:: THE DATA ::

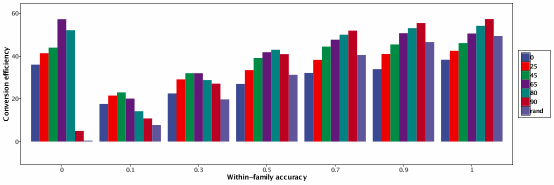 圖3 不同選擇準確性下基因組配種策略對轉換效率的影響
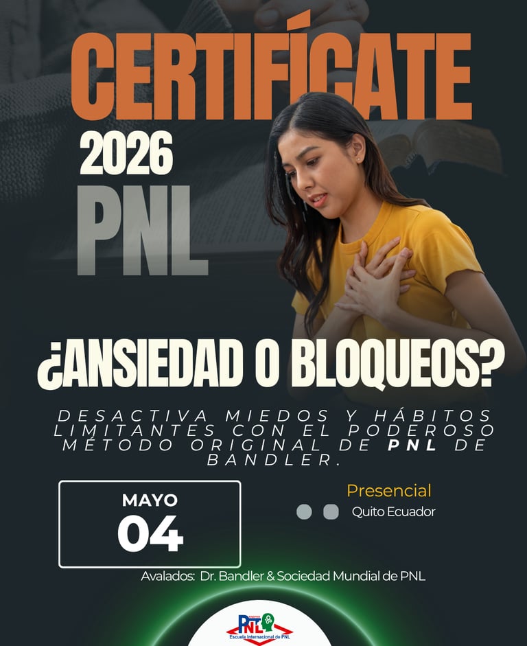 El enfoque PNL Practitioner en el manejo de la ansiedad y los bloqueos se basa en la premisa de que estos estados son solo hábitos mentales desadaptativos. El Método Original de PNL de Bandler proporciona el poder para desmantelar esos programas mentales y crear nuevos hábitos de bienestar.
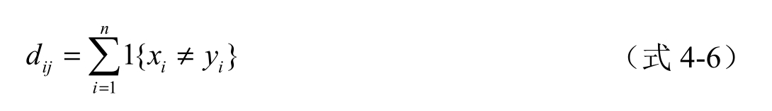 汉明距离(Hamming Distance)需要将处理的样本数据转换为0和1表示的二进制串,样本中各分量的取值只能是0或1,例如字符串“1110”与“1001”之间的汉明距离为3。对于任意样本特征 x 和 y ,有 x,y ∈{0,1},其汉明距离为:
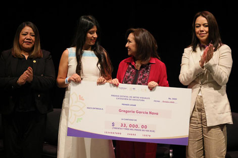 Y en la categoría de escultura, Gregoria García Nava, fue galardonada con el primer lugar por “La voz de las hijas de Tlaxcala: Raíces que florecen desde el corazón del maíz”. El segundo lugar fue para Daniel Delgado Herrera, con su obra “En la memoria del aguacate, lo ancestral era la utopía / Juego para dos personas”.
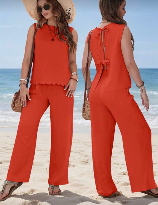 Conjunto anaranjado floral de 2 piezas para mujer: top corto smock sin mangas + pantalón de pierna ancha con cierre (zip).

:::

### ASSIGNMENT
The lines to set down run from the line with "x 和 y ,有 x,y" up to and including the line with "Y en la categoría" in the entries above. Reproduce them exactly, with no pictures.

### OUTPUT BELOW
 汉明距离(Hamming Distance)需要将处理的样本数据转换为0和1表示的二进制串,样本中各分量的取值只能是0或1,例如字符串“1110”与“1001”之间的汉明距离为3。对于任意样本特征 x 和 y ,有 x,y ∈{0,1},其汉明距离为:
 Y en la categoría de escultura, Gregoria García Nava, fue galardonada con el primer lugar por “La voz de las hijas de Tlaxcala: Raíces que florecen desde el corazón del maíz”. El segundo lugar fue para Daniel Delgado Herrera, con su obra “En la memoria del aguacate, lo ancestral era la utopía / Juego para dos personas”.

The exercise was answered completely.